Op-Ed: The trouble with our commencement speaker

 

 

I am troubled by the University’s choice for this year’s commencement speaker. This might be surprising.  

George Raveling is a Villanova alumnus and a well-known, ground-breaking basketball coach. What disturbs me is that he is a leader in a company that not only has a sordid history of using sweatshop labor but also is once again embroiled in controversy.  

Raveling graduated from Villanova in 1960 and went on to successfully lead men’s basketball teams at schools like the University of Southern California while also breaking down racial barriers, earning a spot in the College Basketball Hall of Fame. He is also Nike’s Director of International Basketball.         
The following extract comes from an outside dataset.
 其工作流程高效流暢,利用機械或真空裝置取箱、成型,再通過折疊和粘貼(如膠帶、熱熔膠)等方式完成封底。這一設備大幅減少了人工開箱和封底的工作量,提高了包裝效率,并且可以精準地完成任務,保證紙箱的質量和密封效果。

Nike’s fortune has been built in part on sweatshop labor. Factories it has used abroad have, at various times refused to pay what they legally owe employees, relied on child labor and unsafe working conditions, threatened, penalized, and physically restrained workers in a union or trying to form a union, threatened to fire workers for being pregnant and showed a Dante-like talent for dreaming up physical punishments for employees (for example: a factory in Indonesia made six women stand in the sun for hours for not working fast enough). Under pressure from workers, students and others, Nike has, at times, taken halting steps towards change.  
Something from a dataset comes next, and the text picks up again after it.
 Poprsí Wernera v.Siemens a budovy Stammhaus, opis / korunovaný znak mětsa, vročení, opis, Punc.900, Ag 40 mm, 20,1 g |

In 2009, the company refused to pay 1,800 laid-off workers in Honduras what it owed them. The workers resisted, making their voices heard through a monitoring organization called the Worker Rights Consortium (WRC).  Hearing about the struggle, students affiliated with United Students Against Sweatshops began agitating in America. The result: in 2010, Nike agreed to pay a deserved $1.54 million to those it laid off. Movements like United Students Against Sweatshops and Solidarity Ignite have also started pointing universities towards the alternative apparel brand Alta Gracia, which boasts a unionized workforce paid a living wage.
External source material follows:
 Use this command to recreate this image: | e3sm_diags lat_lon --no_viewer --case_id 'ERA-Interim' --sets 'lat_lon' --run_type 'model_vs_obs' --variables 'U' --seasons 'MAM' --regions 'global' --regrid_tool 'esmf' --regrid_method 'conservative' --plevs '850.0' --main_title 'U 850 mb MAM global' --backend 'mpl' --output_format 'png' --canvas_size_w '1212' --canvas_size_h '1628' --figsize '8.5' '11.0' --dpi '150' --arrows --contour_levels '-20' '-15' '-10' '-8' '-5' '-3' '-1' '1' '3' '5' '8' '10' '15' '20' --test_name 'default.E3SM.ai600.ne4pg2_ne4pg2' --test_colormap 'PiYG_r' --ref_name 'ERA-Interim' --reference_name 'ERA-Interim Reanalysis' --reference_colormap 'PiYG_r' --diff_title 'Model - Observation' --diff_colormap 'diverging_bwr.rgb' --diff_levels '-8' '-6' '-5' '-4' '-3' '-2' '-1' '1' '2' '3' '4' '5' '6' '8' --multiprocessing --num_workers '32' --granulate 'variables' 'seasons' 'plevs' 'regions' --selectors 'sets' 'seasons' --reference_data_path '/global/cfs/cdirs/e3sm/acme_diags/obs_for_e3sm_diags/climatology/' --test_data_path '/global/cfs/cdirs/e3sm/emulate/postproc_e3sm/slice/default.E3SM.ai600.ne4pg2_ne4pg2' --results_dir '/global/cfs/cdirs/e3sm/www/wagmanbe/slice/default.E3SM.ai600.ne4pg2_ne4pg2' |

Now Nike has sparked a new controversy.  It is refusing to allow the WRC, the crucial, independent monitor that I mentioned above, to inspect its factories. The WRC plays a powerful role in holding companies accountable for infringing on workers’ rights and giving universities an accurate idea of how their apparel is made. Nike’s refusal came just as the WRC was beginning to investigate a series of strikes in a Nike-affiliated factory in Vietnam. Villanova, along with 182 other colleges and universities, is affiliated with the WRC, and it has a right to demand that those who stock its bookstore with goods allow the WRC to examine the conditions under which those goods are made.  

It is crucial to take up the question of our responsibility today. The NCAA men’s basketball championship has put not only our school in the spotlight but also our school’s choice of Nike apparel. And yet Nike’s past practices, and its current attempts to prevent reliable monitoring, conflict with a Catholic and Augustinian heritage emphasizing that each person must be guaranteed access to the common good—guaranteed, that is, access to a flourishing life free from exploitation. This message has been constantly repeated as a central part of Catholic Social Teaching. A discussion about sweatshops has only just been reignited on campus.  The Villanovan reported recently on a new group—Villanovans Against Sweatshops, with whom I work—that hosted a consciousness-raising event about Nike’s labor practices. That group will be meeting with Father Peter in the coming weeks to begin discussing the university’s response to the corporation.  

But this is just a beginning. What’s needed at the same time is a vibrant, campus-wide effort to raise awareness about the sweatshop problem—which stretches far beyond Nike—and an equally broad and passionate discussion of how Villanova can best help a growing movement to pressure offending companies and turn to an alternative. These efforts should include examining the university’s decision to invite a Nike executive to speak at graduation.